Has the Netflix Model Peaked?
As the Netflix model redefines everything in its path, we question its longevity and shine the beacon of hope for the well-established traditional players in the market, currently suffering from unprecedented bidding wars for TV's best content.
Its rise to success has been rapid, and if we're all honest took us a bit by surprise. Perhaps we were all a little slow to react to new consumer behaviours, ploughing far too much faith into traditional viewing habits that we thought were here to stay because hey, binge-watching and a total lack of channel brand loyalty is probably just a phase, or at least only exciting to a select few early adopters.
DISCLAIMER: THIS ISN'T ANOTHER 'DON'T BE THE NEXT BLOCKBUSTER' POST.
We get it, Netflix is disruptive, and you don't need to be Warren Buffet to understand what happened. What we want to highlight here is some growing evidence of market correction - and question whether the sustainability of today's TV market is even possible. We all need to think about fresh ideas on how we sell and market TV shows, but we don't all have to suffer in the wake of destruction either.
Netflix buys more than $6bn of content per year, consistently outbidding TV networks for the best scripts and formats. It paid off - 91 Emmy nominations, second only to HBO, the cable channel that is synonymous with TV awards. This, of course, raises the very valid question of sustainability - its cash flow deficit sits at $2bn, compared to $1.7bn last year. It did, however, add 3.7m non-US subscribers in the first quarter of 2017. This is a big gamble that's rocking the whole market. Everyone else has to make a profit on their shows, Netflix is happy to run at a loss in the hope that subscriber churn remains low - investing now, throwing everything out of whack, to grow its brand.
Michael Nathanson, an analyst with MoffetNathanson
But we are at the peak. Earlier this month Netflix announced it's hiking prices by a dollar to $10.99 a month for new users in Canada, then the same for existing users a few weeks later.
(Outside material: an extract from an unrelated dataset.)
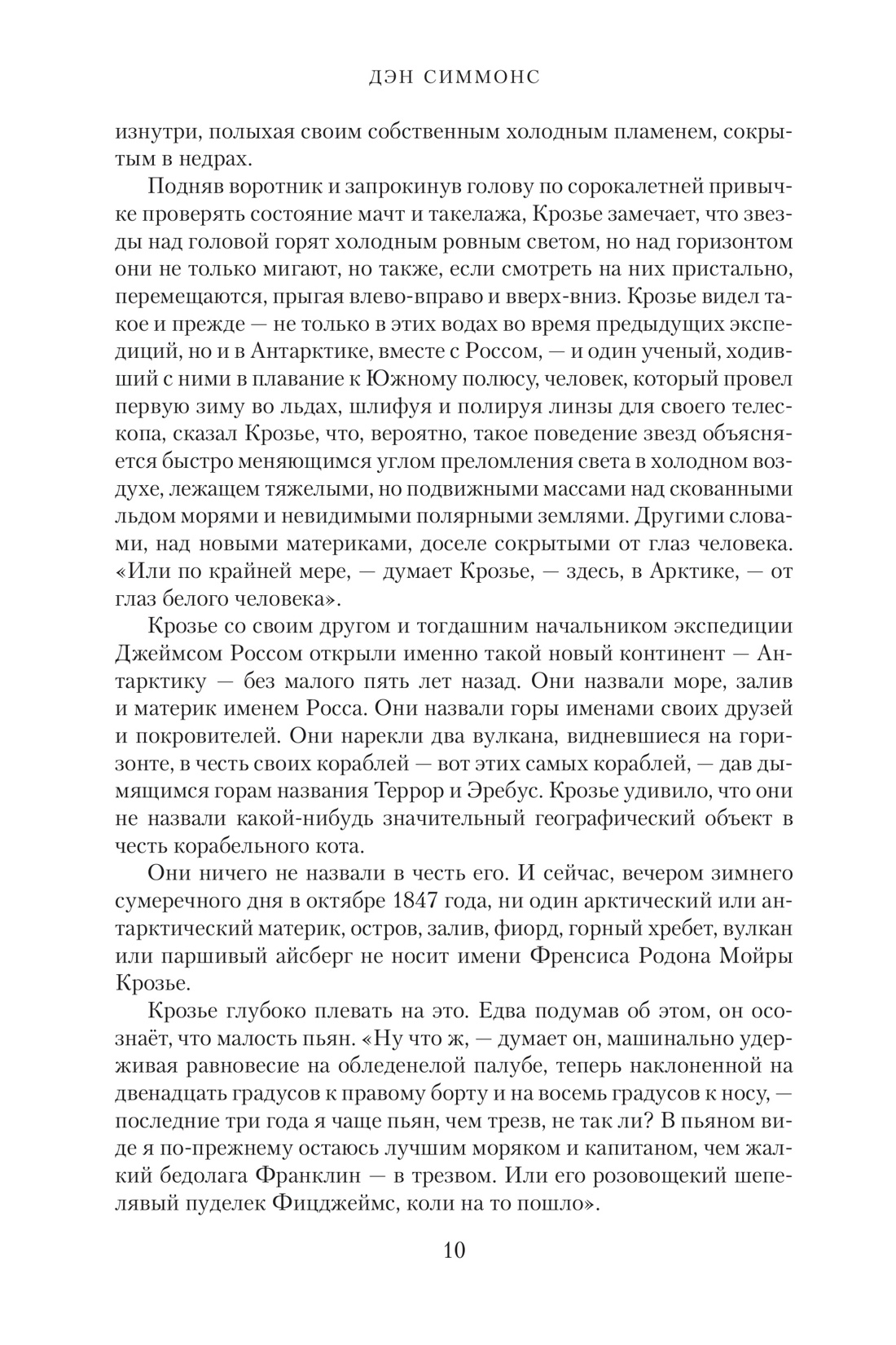 В 1845 году экспедиция под командованием опытного полярного исследователя сэра Джона Франклина отправляется на судах «Террор» и «Эребус» к северному побережью Канады на поиск Северо-Западного прохода из Атлантического океана в Тихий — и бесследно исчезает. Поиски ее затянулись на несколько десятилетий, сведения о ее судьбе собирались буквально по крупицам, и до сих пор картина происшедшего пестрит белыми пятнами — хотя осенью 2014 года грянула сенсация: после более чем полутора веков поисков «Эребус» был наконец обнаружен, и ученые уже готовятся приступить к изучению останков корабля, идеально сохранившихся в полярных водах. Но еще за несколько лет до этого поразительного открытия Дэн Симмонс, знаменитый автор «Гипериона» и «Эндимиона», «Илиона» и «Олимпа», «Песни Кали» и «Темной игры смерти», предложил свою версию событий: главную угрозу для экспедиции составляли не сокрушительные объятия льда, не стужа с вьюгой и не испорченные консервы — а неведомое исполинское чудовище, будто сотканное из снега и полярного мрака.

Disney has just said it would remove its content from Netflix, and then launch its own direct-to-consumer service. They're not the first, and certainly won't be the last. While these single subscription-based services are cheap compared to cable and satellite package subscriptions, Netflix will see competition as more mainstream media take to streaming.
By breaking it down and realising it's not just the content that's part of its success, which we've just highlighted as unsustainable anyway, there's still the threat that streaming services have totally redefined how audiences think about linear TV and advertising. There are three reasons, therefore, which if we look at separately, show the mammoth can be tamed.
- High-quality content
- Streaming on demand
- No adverts
The first one isn't sustainable for the current subscription price. Consumers will either see a drop in quality or a hike in prices. The second two are replaceable, as we're seeing with Disney.
ITV's Hub has recently made a fantastic move and refuses to take it lying down. ITV Hub now offers an advert free option for £3.99 a month. That's a fantastic amount of high-quality content, streaming on-demand, with no adverts.
So this is where it's going. TV is changing, but channel brands will still maintain a strong position, maximising on their heritage and loyalty.
Cable cutting is very much a thing. Gone are the days where we pay £60 a month to watch 2% of the available content - paying for an inflexible bundle that viewers are simply no longer prepared to accept. We lived with it previously as the means by which content arrived was via the provider of the bundle, be that a satellite or cable, but the internet removes our reliance on such technology an gives us more choice. While we still might spend £60 a month per household on TV, it'll be made up of all our favourite subscriptions, Netflix, HBO, ITV Hub and Disney for example.